I also think "batteries included" makes a huge difference as far as treating existing modules as part of the toolset that you're *obliged* to understand and not get all NIH about...
(ps. you can probably guess that I picked this up from PlanetPython, even though you've tried to be more generic in your arguments :-)
skierpage on 06/16/2008 4:45 p.m. #
In Perl, what's the problem? You realize you need to do something, you go to cpan.org, you search, you find promising modules, you read their online documentation and browse the code (that part should be better), you get a good feeling for the best module, you install it using the CPAN module, `make test`, and try it out. Done.

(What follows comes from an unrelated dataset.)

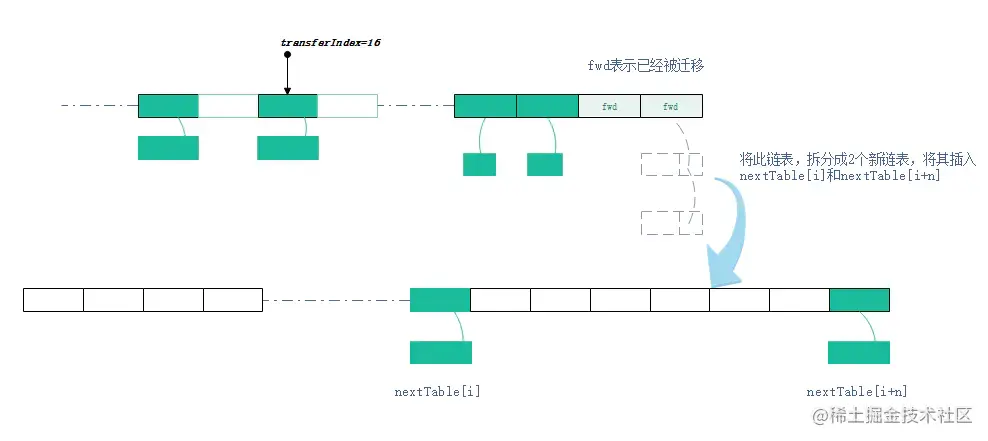 迁移hash桶时,会将桶内的链表或者红黑树,按照一定算法,拆分成2份,将其插入nextTable[i]和nextTable[i+n](n是table数组的长度)。 迁移完毕的hash桶,会被设置成ForwardingNode节点,以此告知访问此桶的其他线程,此节点已经迁移完毕

(/me surfs...) Seems there isn't an exact equivalent for Python. RubyForge.org seems just a directory of links to other Web sites — the module browser needs to force every project to conform for documentation, tests, etc. It seems Perl still has the best "code library" system.
Your idea to integrate tests and bug reports and samples with doc is great. Users shouldn't have to join a project as a committer to contribute these. The doc on php.net has a feedback system where users contribute sample code, but it's a copy 'n' paste mess. Bugzilla's comments and attachments on bugs are a good organizing metaphor but it's standalone, it's not tied to browsing the project's source code and documentation. I think what's needed is a URI scheme for the tests, bug reports, and samples to refer to source code files/functions/lines, and then the source code and doc browser should notice these links from tests, bug reports and samples and display backlinks to them. Dude, make it so! 8-)
If you're talking about the overall framework rather than reusing specific modules: a) your language should encourage/impose a lot of framework, b) Ruby on Rails shows a buzzword-worthy framework can become a powerful standard, c) most frameworks are easier to write than comprehend. For frameworks, your second kind of documentation helps, your first is a pipe dream. Either there's insufficient documentation or so much it's easier to read the code. Evaluating which framework to use is perhaps the hardest job of a system architect.